The Anushilan Samitis were anti-Imperialist. Baden Powell in his 1908 book 'Scouting for Boys' explicitly says that Scouting was a way to prepare youth to defend and serve the Empire. The Boer War had shown deficiencies in British military training. Boys needed to learn 'scouting'- i.e. exploring and studying the terrain and finding ways to 'live off the land'. Otherwise they would be at a disadvantage when faced with guerilla tactics or a rural insurgency.
Rathi Babu arranged for two boys from the Santiniketan school to join a training course for Scout leaders in the Central Provinces.
Did they go on to join the Army? No.
Among the other aspects of the Sriniketan experiment, Rabindranath encouraged the collaboration of scientists, economists, sociologists, and technicians with the work.
Brilliant Bengalis did participate. But the thing was a money pit. It should have been self-sustaining by raising productivity.
He encouraged one and all to stand by the villagers in their struggle against poverty and oppression.
Raising productivity was the answer.
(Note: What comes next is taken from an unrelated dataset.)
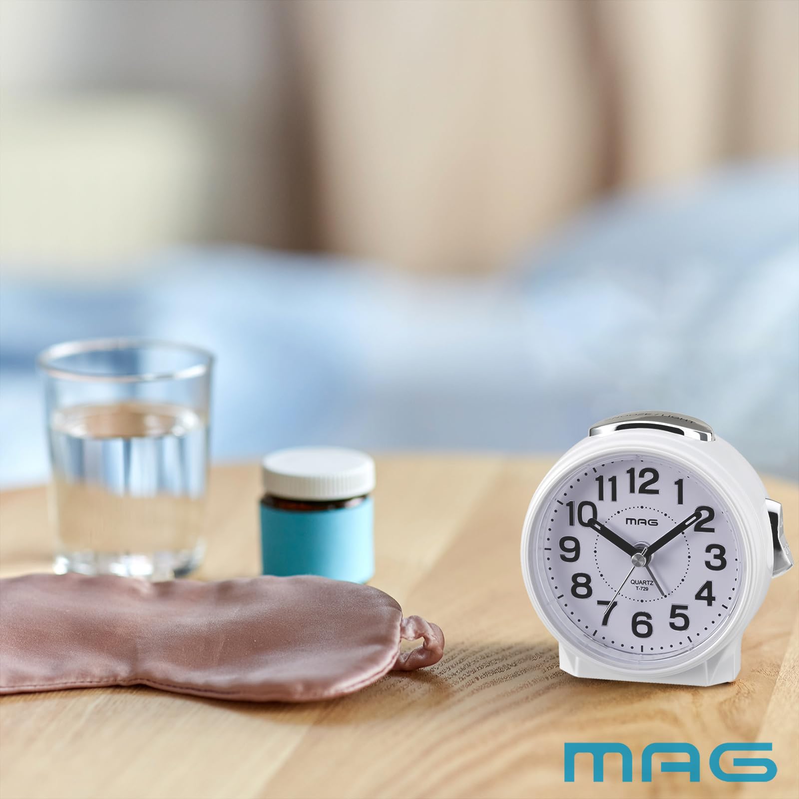 MAG(マグ) 目覚まし時計 置き時計 アナログ 静音 連続秒針 電子音 アラーム スヌーズ ライト ホワイト ブルーブライト T-729 WH-Z ノア精密
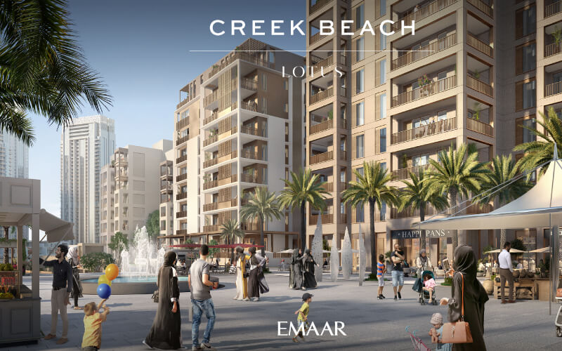 Introducing Lotus at Creek Beach. Nestled in Dubai Creek Harbour, Lotus offers you a choice of the best 1 – 3 bedroom apartments with views of the waters as well as the city skyline. These homes are located in a popular family friendly community that has everything you need right at your doorstep.

This meant finding higher yield crop strains.
He was also cautious that the team did not impose too much ‘statistics’ or technicalities on the villagers in bringing about the changes. He wrote to Elmhirst, ‘All the time when Sriniketan has been struggling to grow into a form, I was intently wishing that it should not only have a shape, but also light, so that it might transcend its immediate limits of time, space and special purpose.’
Raising productivity means having more food to eat and more money in your pocket. If your economic condition is improving, you are in no hurry to transcend time and place- i.e. die and go to Heaven.